Unilever, the maker of Ben & Jerry’s ice cream and Marmite, has announced its full-year results with underlying sales growth of 4.2% with volume growth of 2.9%.
Underlying operating profit is up 12.6% and the full-year outlook – Unilever is guiding for underlying sales growth of 3 to 5% in FY25, with modest improvement in underlying operating margins.
Charlie Huggins, Manager of the Quality Shares Portfolio at Wealth Club, said, “2024 was a much better year for Unilever with solid, volume-led sales growth across every division, and rising margins. The early signs from Hein Schumacher’s turnaround plan are promising, although there remains much still to do.
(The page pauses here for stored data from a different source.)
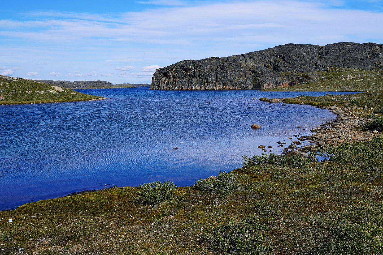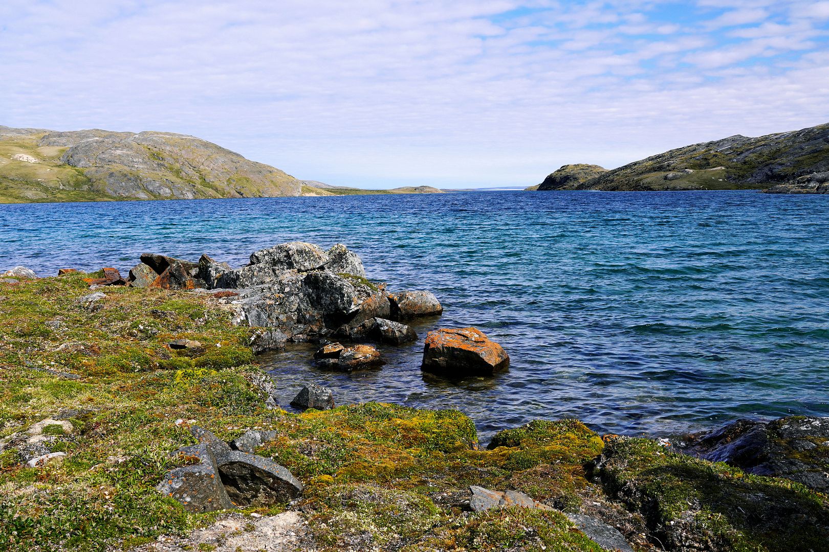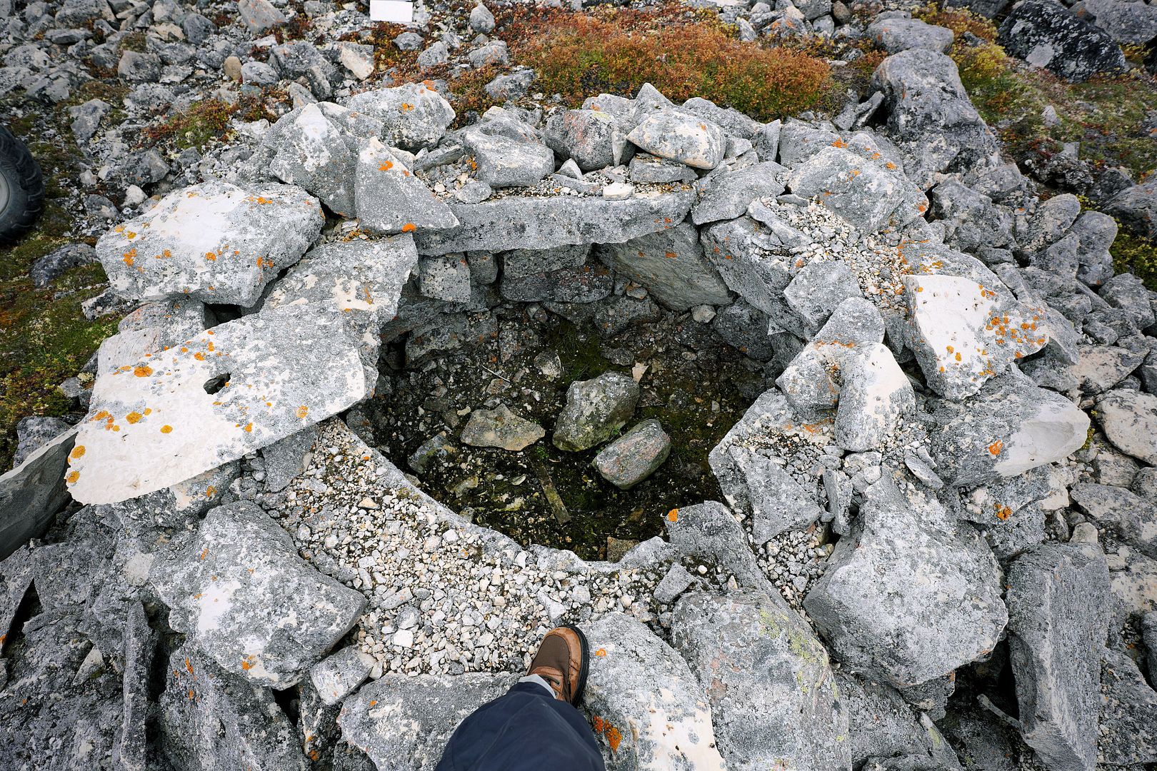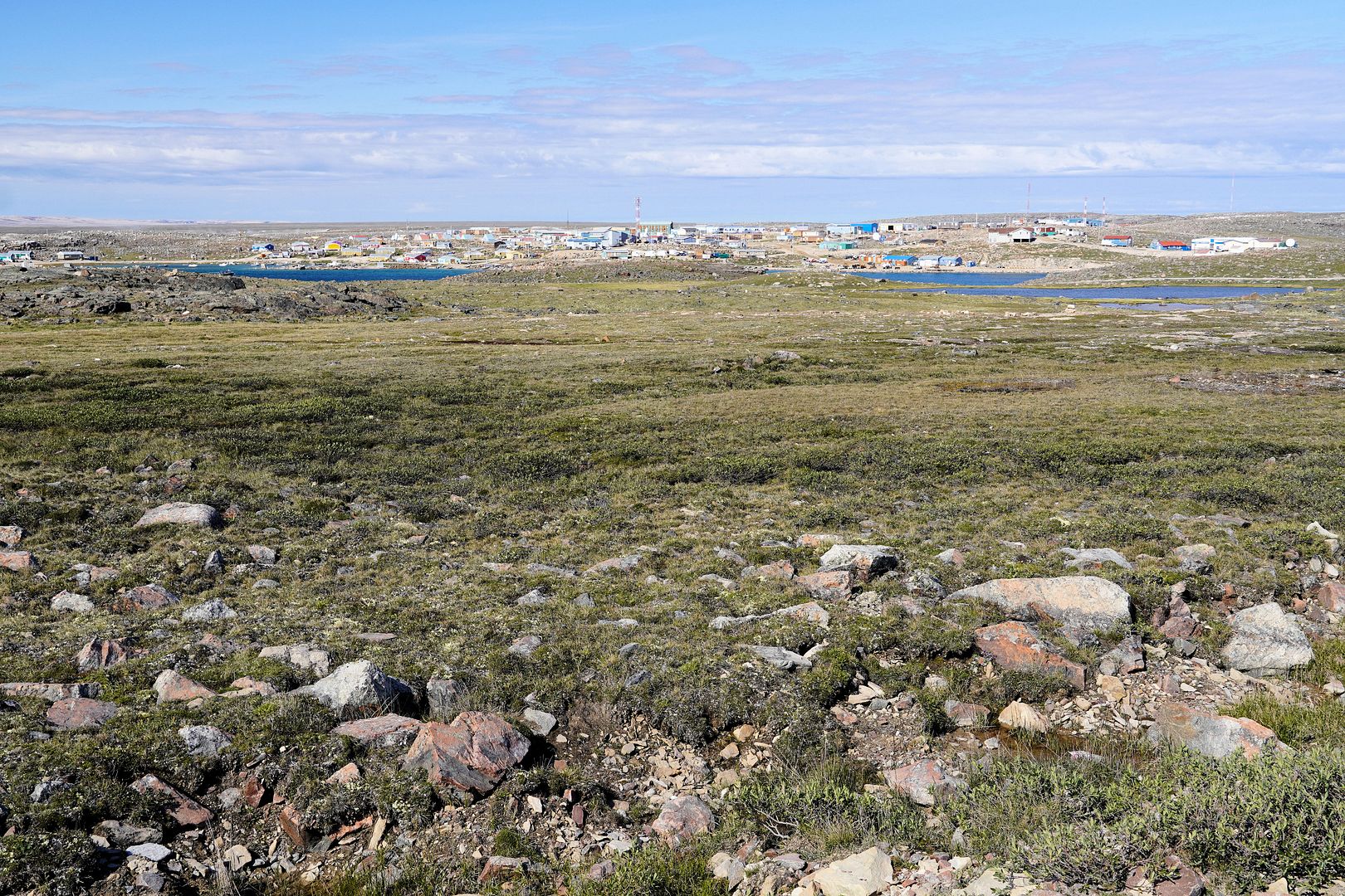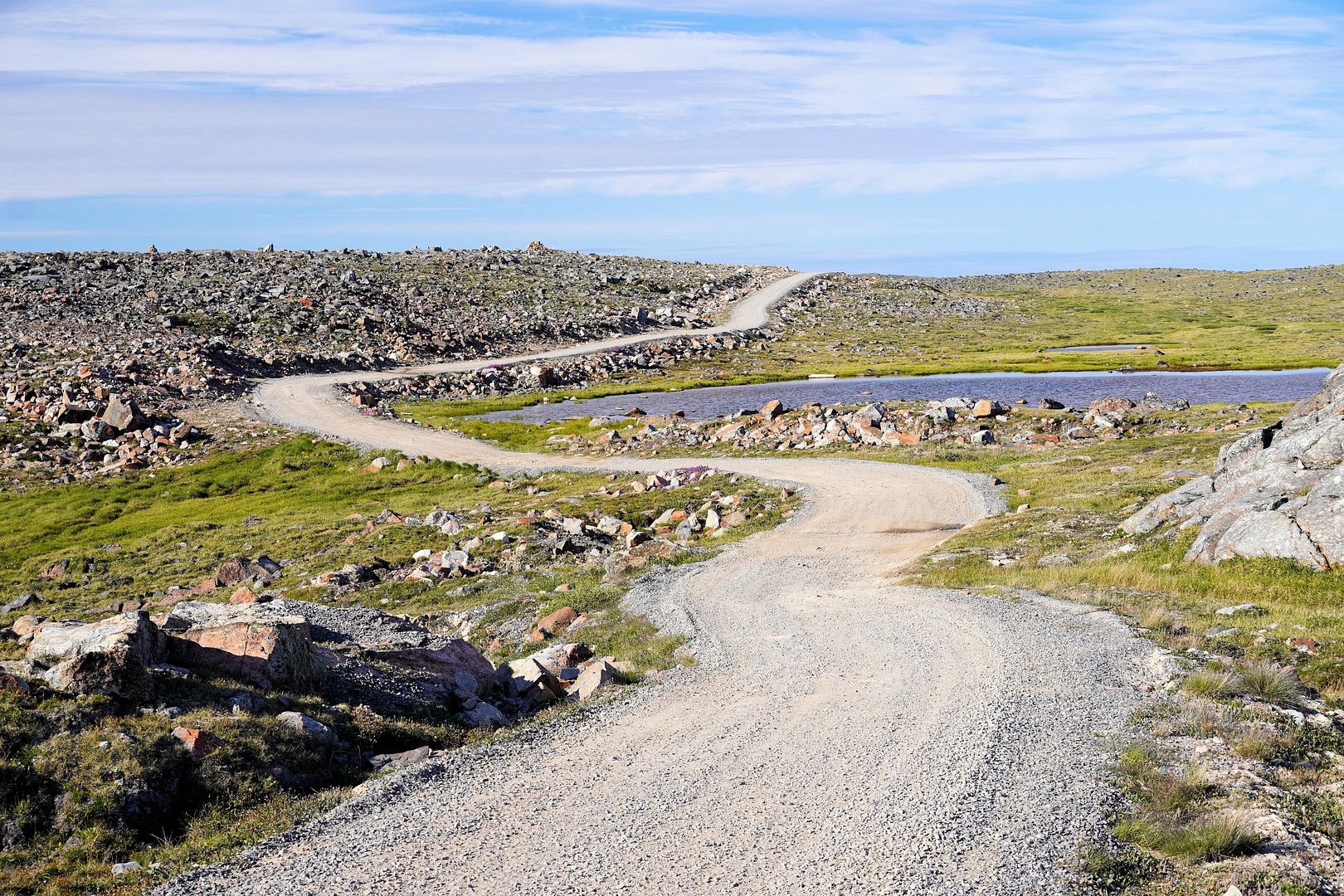 The tundra run on the quad is a real mixed bag of terrain. Lowland stretches through any grasses are often buggy, boggy, rutted out and rather terrible. Highland grass routes can be pretty good and flat. There are spaces of rough and jagged rock, sharp like sheets of vertical embedded shale sticking up or otherwise, just variable sized rocks to swerve or hurdle. Gravel beds are also present, areas where its laid flat to the ground just like a driveway, and there’s also sandy patches too, ones that are far from eskers though. Plenty of land I presume would be ancient seabed..? The area around Taloyoak is certainly rugged enough, not Baffin Island mountainous but plenty of great hills and rocky ridges to make it all seem a bit more grand than some other places. After another half hour of spine massaging and muscle tensing through all of that terra Arcticus, I reached the plotted waypoint.
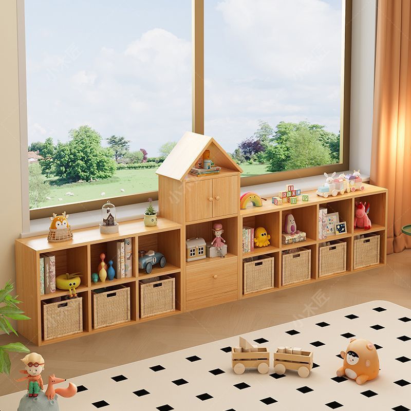 단단한 나무 어린이 책장 보관함 바닥 장난감 보관함 낮은 책장 보관 캐비닛 거실 격자 캐비닛 그림책 선반스토어 가기
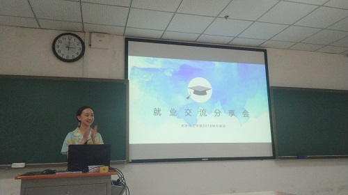 2018级开展了就业交流分享会,邀请了17级毕业生为同学们作专业对口就业和非专业对口就业以及选调生方面的经验分享。
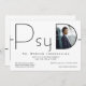 A modern photo PsyD graduation party invitation with a black and white scheme. Celebrate your being PsyDone with this stylish invitation. Simply add your photo & information, add this invitation to your cart, and celebrate this major accomplishment.
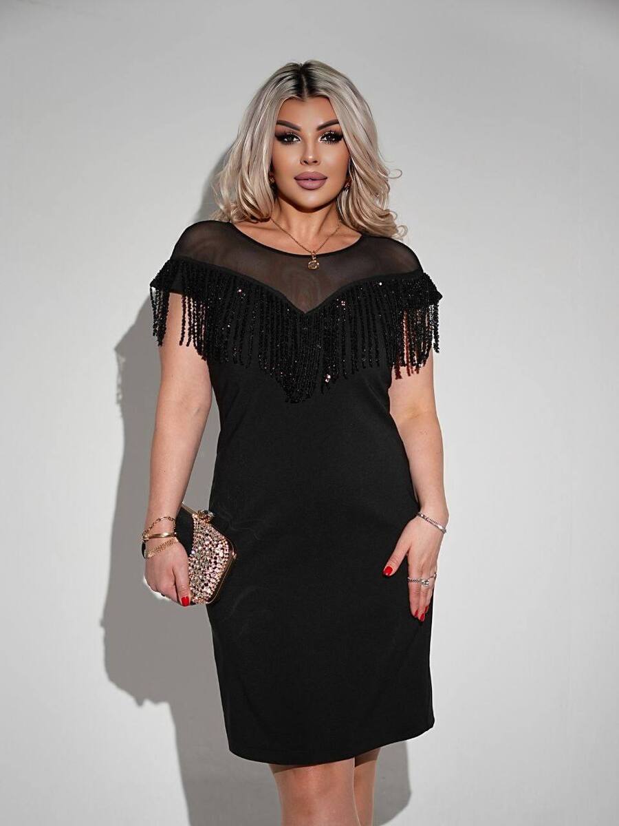 Витончена сукня, яка підкреслює силует. Сукня декорована елегантною бахромою з паєткою
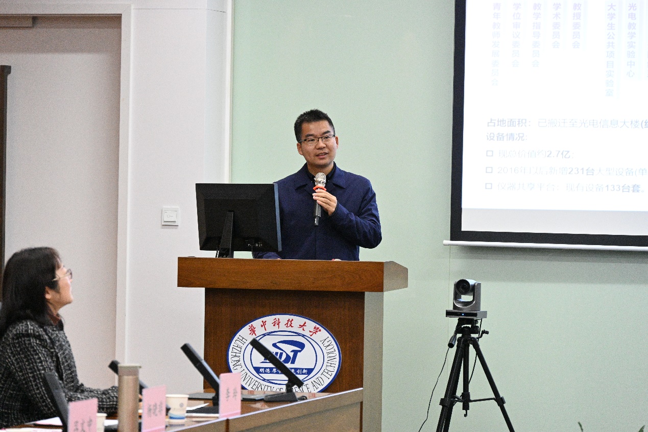 党委书记张涛汇报了学院在大学院体制机制建设、协同育人、教师考核评价等方面的工作,特别汇报了我院中外合作办学有关进展。集成电路学院院长、光电信息学院副院长缪向水汇报了电子学科的发展现状以及未来规划。下一代互联网接入系统国家工程实验室主任刘德明汇报了工程实验室的基本情况和近期发展。唐霞辉教授汇报了激光加工国家工程研究中心的相关工作。青年教师费鹏对学院高层次人才引进、科研用房提出了建议。
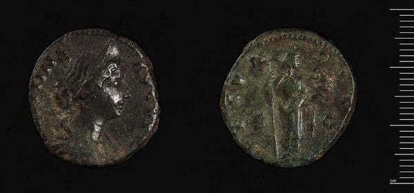 Curator: Let's discuss this Antoninianus of Cornelia Salonina, a Roman coin currently held in the Harvard Art Museums. Its small size belies a world of meaning. Editor: My first impression is one of wear. The metal is weathered, the details softened, but the fundamental imagery remains, creating a tangible link to the past. Curator: Indeed. The coin gives us insight into the imperial cult and economy of the time. The figure, presumably Salonina, offers a glimpse into the representation and idealization of imperial women. Editor: And I see the formal arrangement—the profile portrait versus the standing figure—creating a visual dialogue. Curator: We shouldn't forget the production process. Minting, distribution—the coin's journey through various hands and its impact on the Roman world. Editor: And yet, the coin's worn state speaks to its existence beyond its economic function—a testament to its inherent aesthetic qualities. Curator: It's a reminder that value isn't just monetary. Editor: Precisely, it has an aesthetic resonance that transcends its origins.
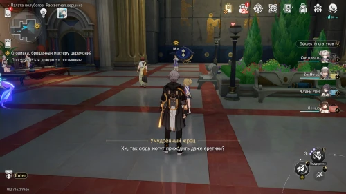 Теперь пройдите направо и поболтайте со жрецом, стоящим чуть вдалеке. В этом помещении тоже можно обнаружить загадки (необязательно) и обычный сундук. После разговора со стариком, пройдите вниз и подойдите к Керкес. Поболтайте с ней, после чего к вам придет гонец, – начните следовать за девушкой.
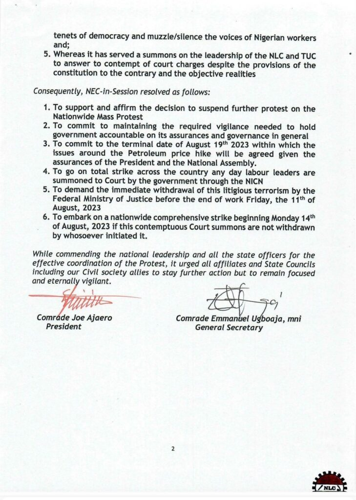 “To go on total strike across the country any day labour leaders are summoned to Court by the government through the NICN; to demand the immediate withdrawal of this litigious terrorism by the Federal Ministry of Justice before the end of work Friday, the 11th of August, 2023.
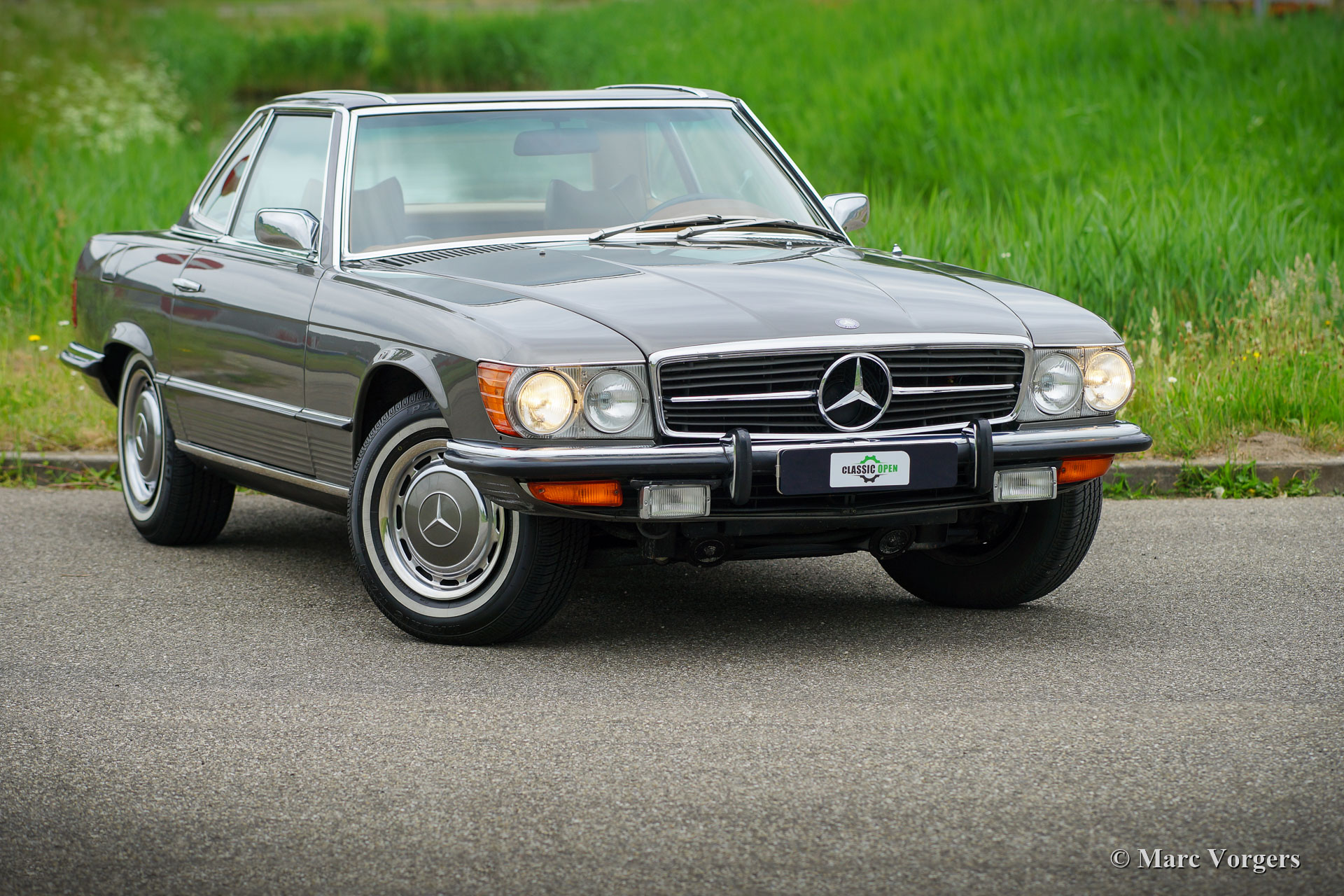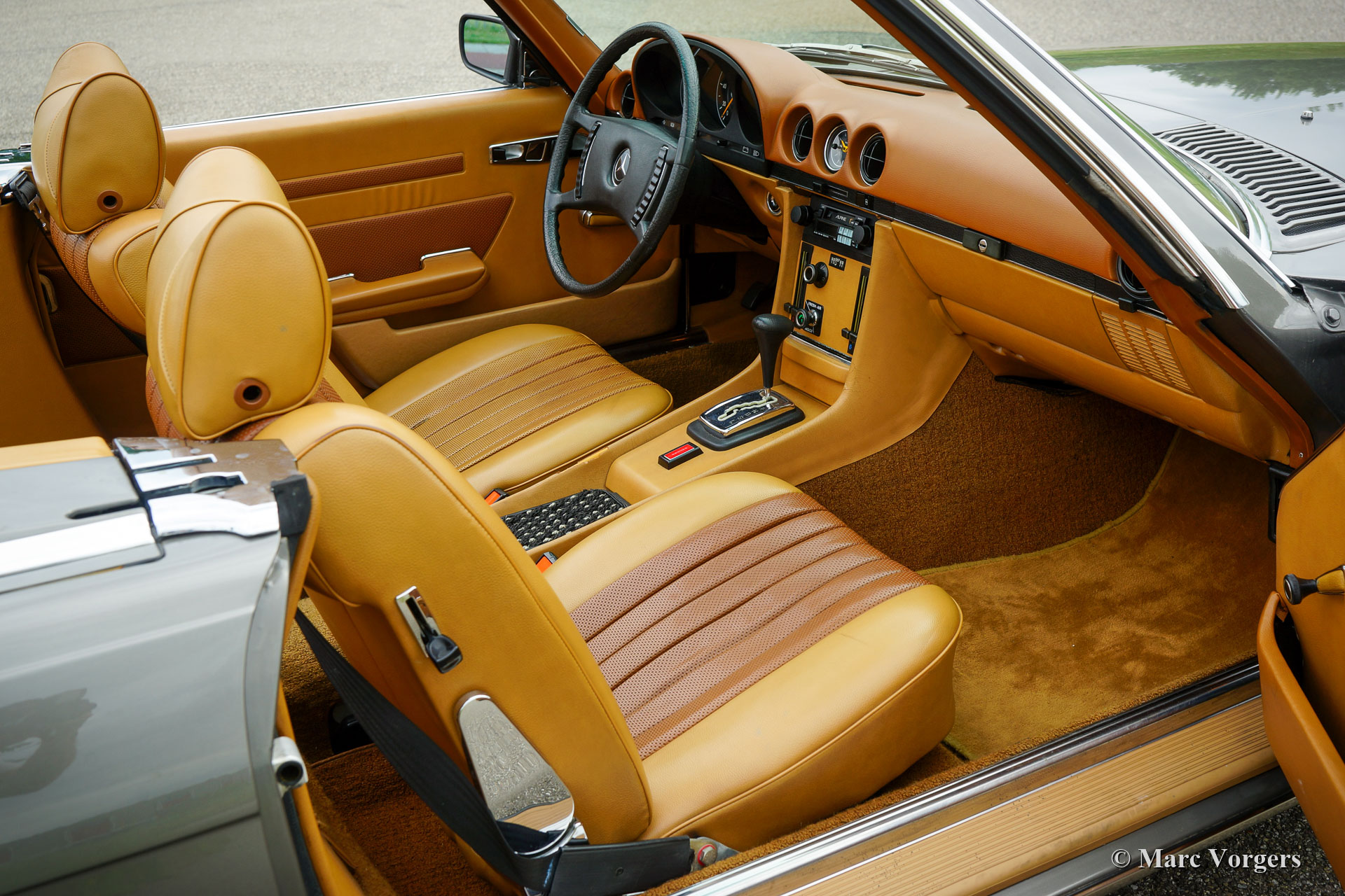Mercedes-Benz 350 SL, jaar 1972. Kleur donkergrijs metallic gecombineerd met een cognacbruin ‘tex’ interieur. Zwarte mohair kap en originele hard-top in carrosseriekleur. Deze fantastische Mercedes 350 SL uit de R107-modellenreeks werd nieuw verkocht in Californië, VS. De automobiel is in 2020 naar Nederland geïmporteerd. De R107 is een gezochte Mercedes ‘evergreen’, het model is gebouwd van 1971 tot 1989. De 350 SL was het eerste model in de modelreeks. De 350 SL is uitgerust met een fantastische V8-motor die is gekoppeld aan een automatische versnellingsbak. Met een koppel van 286 Nm en 220 pk is de 350 SL een snelle luxe cabriolet. Met de hard-top erop verandert de 380 SL in een schitterende coupé. Van dit 350 SL-model werden slechts 15.000 exemplaren gebouwd. Dit exemplaar verkeert in een uitstekende conditie, de auto vertoont slechts lichte gebruikssporen. Ook de soft-top en de hard-top verkeren in een uitstekende conditie. De auto is voorzien van stuurbekrachtiging, airconditioning en een Alpine stereo radio met cassettespeler. Deze prachtige Mercedes 350 SL wordt compleet geleverd met de originele boekjes, originele gereedschapset en krik. Deze 350 SL rijdt en klinkt perfect, een zeer begeerlijk exemplaar!
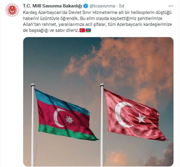 Türkiyə Müdafiə Nazirliyi helikopter qəzası ilə bağlı Azərbaycana başsağlığı verib.

The market environment for consumer goods companies is tough. China’s economy is weakening, local competition in emerging markets is fierce and the high level of inflation in recent years means the appeal of private label brands has arguably never been greater. As a result, Unilever is pointing to a slower start to 2025.
Hein Schumacher has made great progress turning the tanker, but his work is certainly not done. Indonesia has been a notable problem child for years and the weak growth in emerging markets more broadly is a concern given more than half of group sales come from these regions.
Overall, operational execution at Unilever has clearly improved and there is a much greater sense of urgency and dynamism. It’s just as well, because its markets are increasingly challenging. This means Unilever will need to be at the top of its game to sustain its recent momentum.”